(DATA PROVIDED Opens)

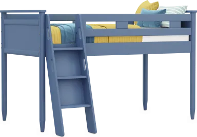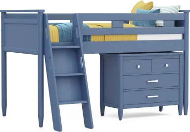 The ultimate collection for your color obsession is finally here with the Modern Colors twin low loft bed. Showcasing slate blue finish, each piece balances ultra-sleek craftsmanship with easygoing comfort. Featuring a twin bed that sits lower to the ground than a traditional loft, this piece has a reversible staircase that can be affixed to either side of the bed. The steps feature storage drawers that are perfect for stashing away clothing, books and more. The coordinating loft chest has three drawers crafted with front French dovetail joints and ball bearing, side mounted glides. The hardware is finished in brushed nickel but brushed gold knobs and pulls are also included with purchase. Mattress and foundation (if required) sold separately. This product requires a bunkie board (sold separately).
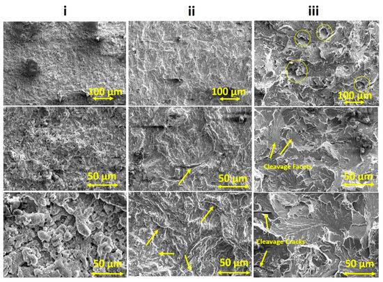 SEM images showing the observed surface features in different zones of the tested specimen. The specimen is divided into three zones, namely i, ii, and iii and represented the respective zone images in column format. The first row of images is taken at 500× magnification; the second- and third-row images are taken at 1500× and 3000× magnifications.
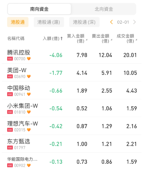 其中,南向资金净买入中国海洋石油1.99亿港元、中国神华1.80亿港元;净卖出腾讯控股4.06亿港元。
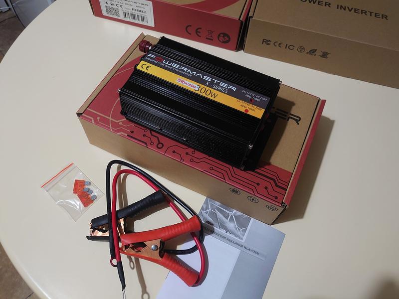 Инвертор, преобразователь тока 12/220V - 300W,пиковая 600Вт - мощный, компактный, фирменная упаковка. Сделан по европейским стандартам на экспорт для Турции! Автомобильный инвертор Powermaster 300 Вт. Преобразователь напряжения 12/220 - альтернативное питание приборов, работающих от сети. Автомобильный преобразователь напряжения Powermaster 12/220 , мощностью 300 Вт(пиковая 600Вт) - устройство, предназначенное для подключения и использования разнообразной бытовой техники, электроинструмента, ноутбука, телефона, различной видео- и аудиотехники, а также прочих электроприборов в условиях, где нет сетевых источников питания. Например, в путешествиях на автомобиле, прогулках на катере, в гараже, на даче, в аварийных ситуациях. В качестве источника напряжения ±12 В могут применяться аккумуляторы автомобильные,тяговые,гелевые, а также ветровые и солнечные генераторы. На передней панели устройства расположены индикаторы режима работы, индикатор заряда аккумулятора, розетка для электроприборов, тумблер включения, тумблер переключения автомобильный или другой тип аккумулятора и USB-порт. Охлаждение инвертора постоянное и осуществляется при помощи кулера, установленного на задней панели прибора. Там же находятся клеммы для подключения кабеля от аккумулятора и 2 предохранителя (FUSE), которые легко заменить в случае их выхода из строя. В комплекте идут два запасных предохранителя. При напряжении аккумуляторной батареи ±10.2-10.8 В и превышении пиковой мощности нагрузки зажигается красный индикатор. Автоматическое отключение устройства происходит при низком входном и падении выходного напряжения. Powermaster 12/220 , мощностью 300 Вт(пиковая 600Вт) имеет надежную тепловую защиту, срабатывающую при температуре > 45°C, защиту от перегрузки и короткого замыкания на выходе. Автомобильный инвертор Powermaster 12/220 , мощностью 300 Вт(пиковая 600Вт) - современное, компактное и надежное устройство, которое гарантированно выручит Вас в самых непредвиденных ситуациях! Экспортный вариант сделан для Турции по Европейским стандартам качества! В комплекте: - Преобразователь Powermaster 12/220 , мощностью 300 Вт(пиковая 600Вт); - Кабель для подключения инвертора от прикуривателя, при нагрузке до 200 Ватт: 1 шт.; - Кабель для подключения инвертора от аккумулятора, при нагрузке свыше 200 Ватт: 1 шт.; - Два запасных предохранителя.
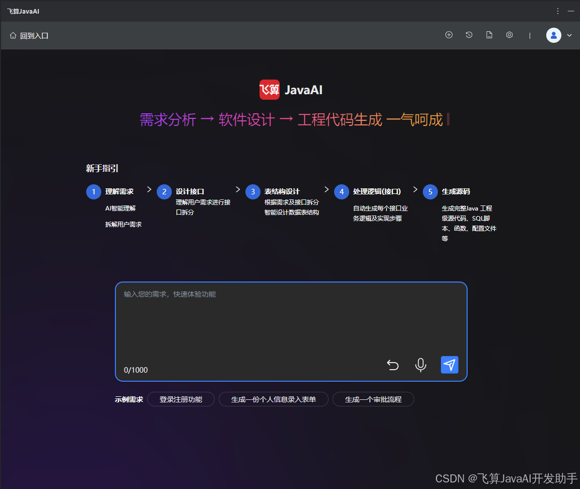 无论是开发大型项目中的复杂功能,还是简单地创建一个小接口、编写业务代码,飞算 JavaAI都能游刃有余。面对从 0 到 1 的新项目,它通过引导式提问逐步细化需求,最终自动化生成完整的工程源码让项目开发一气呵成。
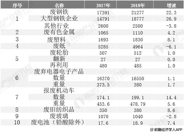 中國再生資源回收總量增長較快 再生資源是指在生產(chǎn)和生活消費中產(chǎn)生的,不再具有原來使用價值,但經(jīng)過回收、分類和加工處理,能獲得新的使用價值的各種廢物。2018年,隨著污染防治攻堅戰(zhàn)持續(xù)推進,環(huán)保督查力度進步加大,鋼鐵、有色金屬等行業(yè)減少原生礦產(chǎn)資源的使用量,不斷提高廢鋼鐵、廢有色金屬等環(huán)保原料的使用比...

(DATA PROVIDED Closes)
(DATA PROVIDED Opens)

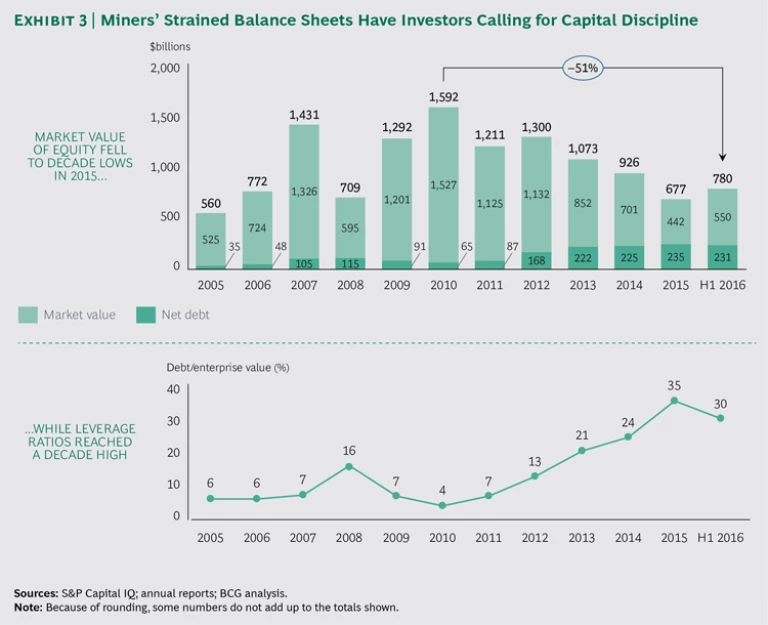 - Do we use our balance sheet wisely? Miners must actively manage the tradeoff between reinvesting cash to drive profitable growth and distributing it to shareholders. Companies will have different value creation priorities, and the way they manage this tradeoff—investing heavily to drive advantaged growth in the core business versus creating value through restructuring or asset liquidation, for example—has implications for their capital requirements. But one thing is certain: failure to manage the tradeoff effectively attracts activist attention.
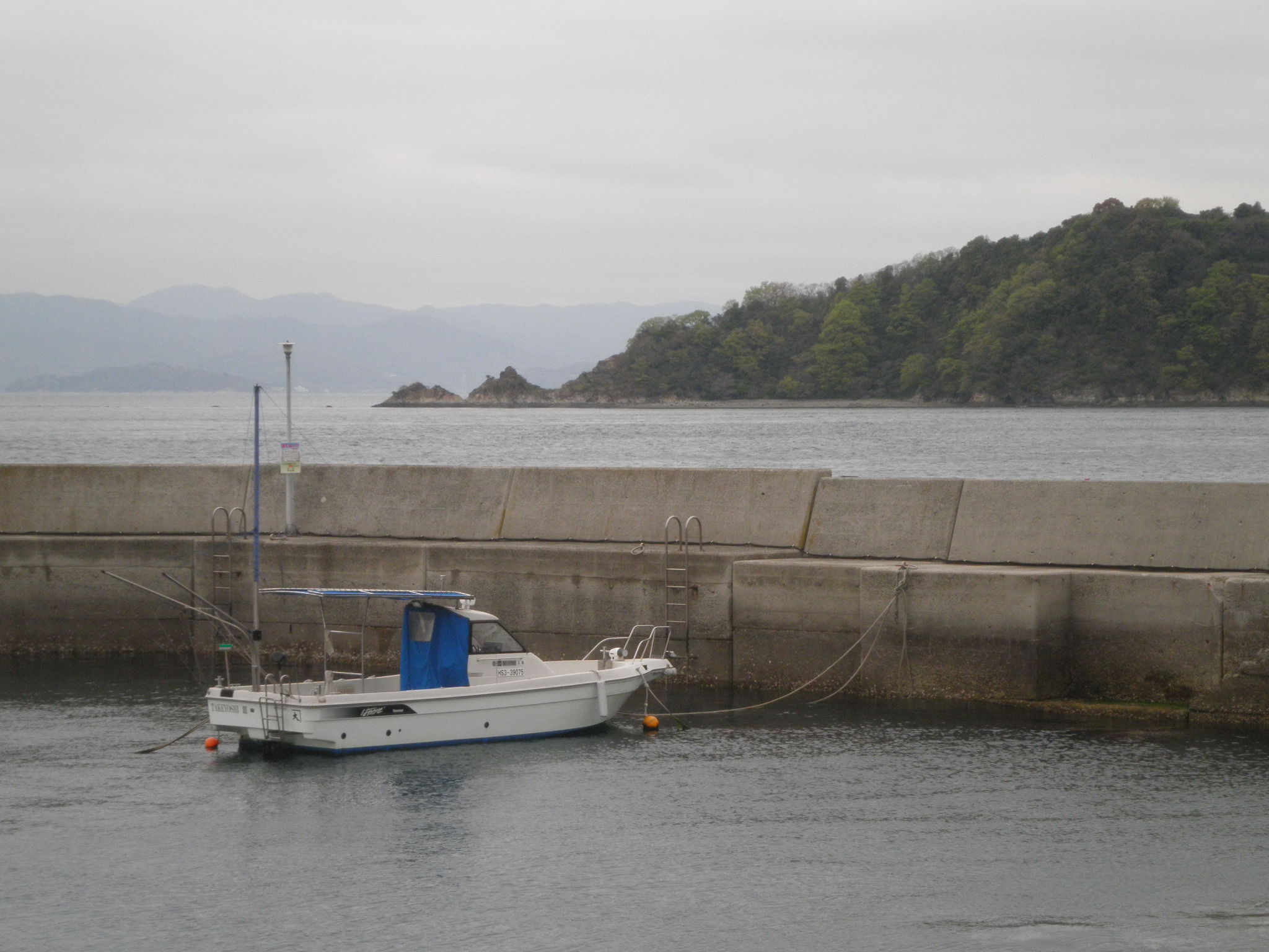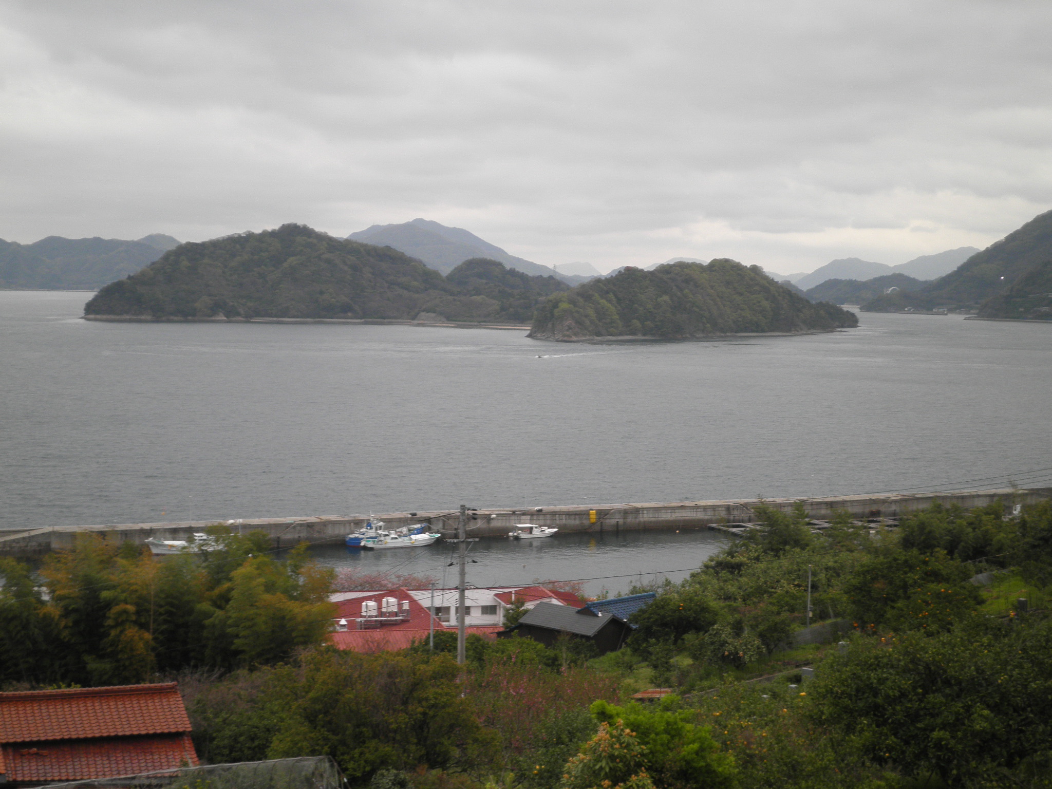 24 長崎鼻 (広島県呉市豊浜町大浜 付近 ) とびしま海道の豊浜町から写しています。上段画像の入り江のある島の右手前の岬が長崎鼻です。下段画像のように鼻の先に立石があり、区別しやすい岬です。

(DATA PROVIDED Closes)

Look above for the line with "无论是开发大型项目中的复杂功能,还是简单地创建一个小接口、编写业务代码,飞算 JavaAI都能游刃有余。面对从 0", then give again exactly every line from there through the line with "中國再生資源回收總量增長較快", skipping the pictures.

 无论是开发大型项目中的复杂功能,还是简单地创建一个小接口、编写业务代码,飞算 JavaAI都能游刃有余。面对从 0 到 1 的新项目,它通过引导式提问逐步细化需求,最终自动化生成完整的工程源码让项目开发一气呵成。
 中國再生資源回收總量增長較快 再生資源是指在生產(chǎn)和生活消費中產(chǎn)生的,不再具有原來使用價值,但經(jīng)過回收、分類和加工處理,能獲得新的使用價值的各種廢物。2018年,隨著污染防治攻堅戰(zhàn)持續(xù)推進,環(huán)保督查力度進步加大,鋼鐵、有色金屬等行業(yè)減少原生礦產(chǎn)資源的使用量,不斷提高廢鋼鐵、廢有色金屬等環(huán)保原料的使用比...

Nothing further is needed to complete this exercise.